It’s been a confusing year for the economy and markets. At the start of 2023, economists are largely predicting a global recession, and Wall Street is bearish on stocks, with many analysts expecting the S&P 500 to end the year only slightly higher than it did. started. Fast-forward 12 months: No recession (yet) and the S&P 500 is near record highs.
Here are 11 charts that help explain how we got here.
Inflation and its effects
Central bankers in the whole world continued an aggressive campaign of interest rate hikes in 2023, raising policy rates in an effort to tame the highest inflation in generations.
Inflation has cooled significantly in many areas, although it remains above the Federal Reserve’s target (around 2 percent), and rate hikes have stalled. The question is how long central bankers will need to keep rates high to ensure inflation is under control without stifling economic growth.
These losses will only be real if the banks have to sell the assets. Before its implosion, SVB was forced to do just that, discounting its bonds at a steep discount to repay depositors. Those losses set off alarms, leading more customers to demand their money back – a classic bank run – and raising concerns about unrealized losses at other regional banks.
Higher interest rates also raised the cost of borrowing for consumers and businesses, which reverberated throughout the economy, especially in commercial real estate.
Rosy economic indicators, gloomy sentiments about the economy
Several macroeconomic data in the United States suggested cause for celebration: Unemployment remained low, and GDP grew rapidly this year. In 2020, wage growth has largely outpaced inflation mainly due to the distortions of the pandemic. That trend reversed this year with wage growth beating inflation for the first time since the post-coronavirus economic recovery began in the second half of 2020.
What is the reason for the disconnection? Constantly high prices? Recession fears? The “vibecession”? Whatever the explanation, voters’ feelings about the economy — and President Biden’s handling of it — could potentially be decisive in the 2024 election.
A summer of strikes
The weekend of “Barbenheimer” followed close on the heels of a strike by tens of thousands of actors. They joined screenwriters on the picket line in July to stop Hollywood.
The strikes are part of a wave of labor activity in the United States this year, including targeted strikes by the United Automobile Workers union. Despite recent increases, overall union activity has fallen since the 1970s and ’80s.
Geopolitics has changed economic relations
Two wars highlighted the weakness of the global economic recovery and reaffirmed world trade relations.
Case in point: the geopolitics of oil. Prices rose above $120 a barrel after Russia’s 2022 invasion of Ukraine, then continued to fall amid rising US oil production and signs of a global economic slowdown. The Israel-Hamas war has sparked new fears that oil prices will rise and reignite inflation. Despite shipments through the Red Sea and Suez Canal, those concerns have yet to materialize.

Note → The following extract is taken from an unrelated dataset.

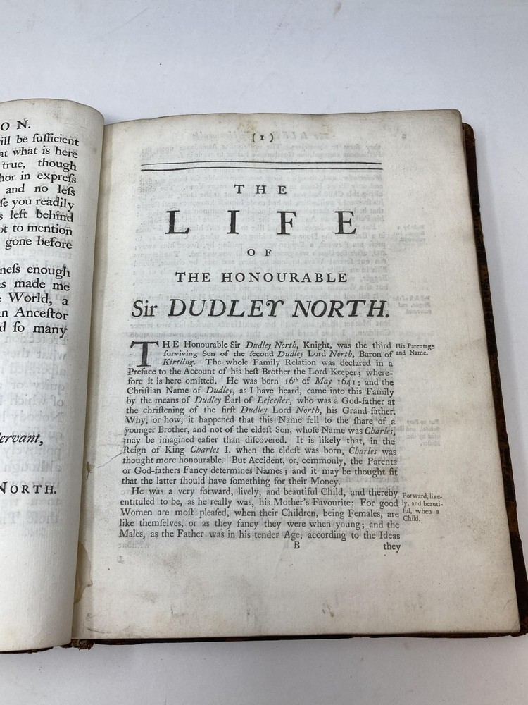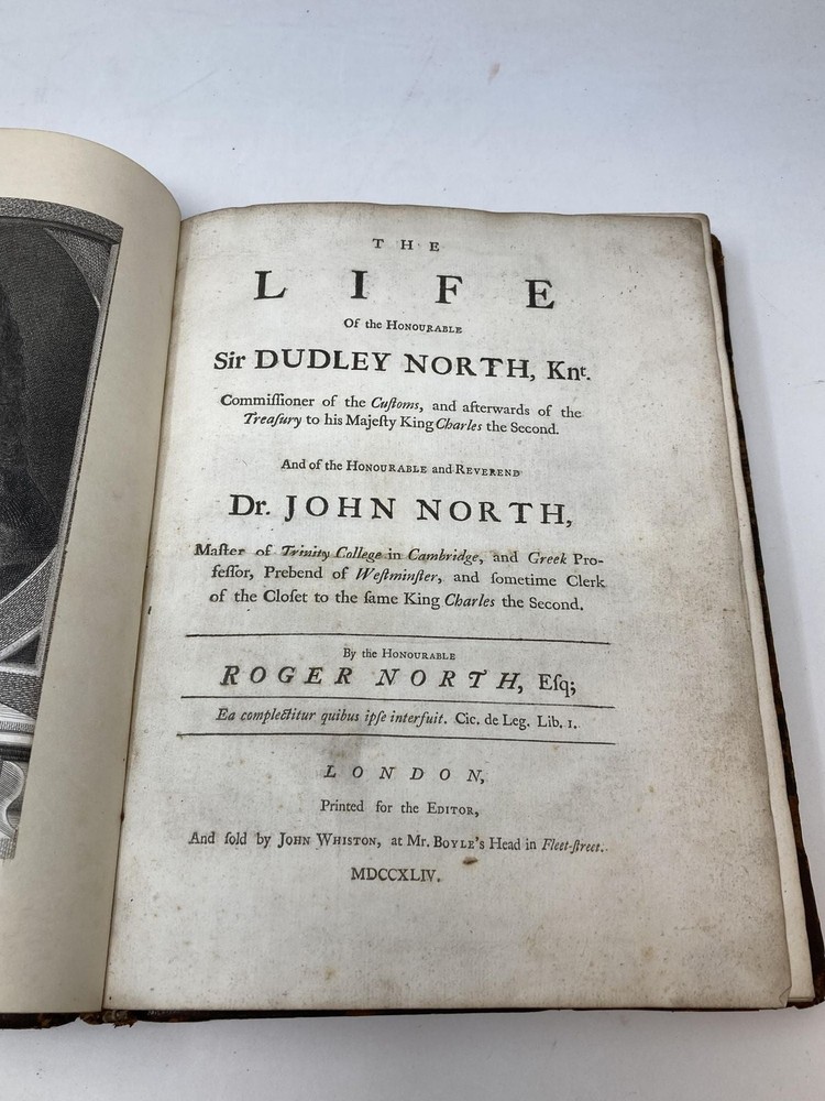 THE LIFE OF THE HONOURABLE SIR DUDLEY NORTH, KNT. COMMISSIONER OF THE CUSTOMS, AND AFTERWARDS OF THE TREASURY TO HIS MAJESTY KING CHARLES THE SECOND, AND OF THE HONOURABLE AND REVEREND DR. JOHN NORTH, MASTER OF TRINITY COLLEGE IN CAMBRIDGE, AND GREEK PROFESSOR, PREBEND OF WESTMINSTER, AND SOMETIME CLERK OF THE CLOSET TO THE SAME KING CHARLES THE SECOND Author: North, Roger Title: THE LIFE OF THE HONOURABLE SIR DUDLEY NORTH, KNT. COMMISSIONER OF THE CUSTOMS, AND AFTERWARDS OF THE TREASURY TO HIS MAJESTY KING CHARLES THE SECOND, AND OF THE HONOURABLE AND REVEREND DR. JOHN NORTH, MASTER OF TRINITY COLLEGE IN CAMBRIDGE, AND GREEK PROFESSOR, PREBEND OF WESTMINSTER, AND SOMETIME CLERK OF THE CLOSET TO THE SAME KING CHARLES THE SECOND Publication: London: Printed for the Editor, and sold by John Whiston, at Mr. Boyle's Head in Fleet-Street, 1744 Description: Leather-bound. Full contemporary leather, spine rebacked with new red leather label with title in gilt. Quarto [10x8 inches] Corners bumped, scratches to boards, wear along spine end. Textblock square, binding strong. vi,288,[7] Three portrait frontis. Text is clean and bright, nice copy, and solidly bound. Very Good. Dudley North [1641-1691] served under Charles II and then James II as Comissioner of Customs. He is known for his ideas on free trade in his "Discourses on Trade" published anonomously in 1691 and later promoted by the political economist James Mill who read the account in the above edition. Seller ID: 82794 Aardvark Rare Books Eugene, OR We work hard to make your Bookbuying Experience safe, easy and fun. Aardvark Books is a proud member of the ABAA (Antiquarian Booksellers Association of America) and IOBA, Independent Online Booksellers Association. Ezra is also an accredited and Qualified Appraiser of Books and Manuscripts, with a designation from the ASA (American Society of Appraisers), with considerable Archive experience as well. Shipping All books shipped to US destinations are sent via the US Postal Service. Faster shipping is available, please ask before paying. We will combine shipping on items purchased at the same time in order to help reduce costs. International shipping is also available. Please inquire for a shipping quote before ordering. This listing was created by Bibliopolis.

In the Russia-Ukraine war, India and China emerged as the main beneficiaries. India, profiting from its neutrality, went from buying almost no Russian oil to buying almost half of what the country exports by sea. Trade between China and Russia has also grown, surpassing $200 billion in the first 11 months of this year.
The US and China remain deeply intertwined
Tensions between the United States and China appear to have stabilized after President Biden’s meeting with Chinese President Xi Jinping on the sidelines of the Asia-Pacific Economic Cooperation summit in November.
Economic ties remain strong, and new research shows how difficult it is to unwind them. Tariffs imposed by the Trump administration and other trade restrictions have caused China’s share of exports to the United States to fall in recent years, while countries such as Mexico and Vietnam have gained ground.
But those countries import intermediate goods from China, meaning American supply chains remain dependent on Chinese production. In fact, China is now the dominant supplier of industrial inputs, according to calculations in a recent paper.
Another reason why the United States cannot easily “decouple” from China: semiconductors. China is a major market for these advanced computer chips, which can be used to power artificial intelligence systems. This fall, the Biden administration tightened its export controls on semiconductors, making it harder for US companies to sell them to China. But big chipmakers like Nvidia are already working on modified chips to sell in Chinese markets, hoping to avoid the restrictions.
AI investment has increased
This year has seen an explosion of investment in generative AI start-ups, including Microsoft’s $10 billion backing of OpenAI, announced in January. Microsoft’s relationship with OpenAI has come under scrutiny, particularly its role in reinstating Sam Altman as CEO of OpenAI after a boardroom coup that caused a tumultuous five days in the startup. On December 27, The New York Times became the first major American media organization to sue OpenAI and Microsoft over AI-related copyright issues, saying in the lawsuit that the companies should be held liable for “violating lawful copying and use of the distinctive features of The Times. important works.”
Despite this, investment in this area of tech is booming.
Microsoft and Nvidia, the chipmaker, are two of the “Magnificent Seven” tech stocks that have contributed to this year’s stock market rally.
Over the course of the year, the S&P 500 went on a bull market rally that surprised many on Wall Street.
How long does it take? That’s a question for the next 12 months.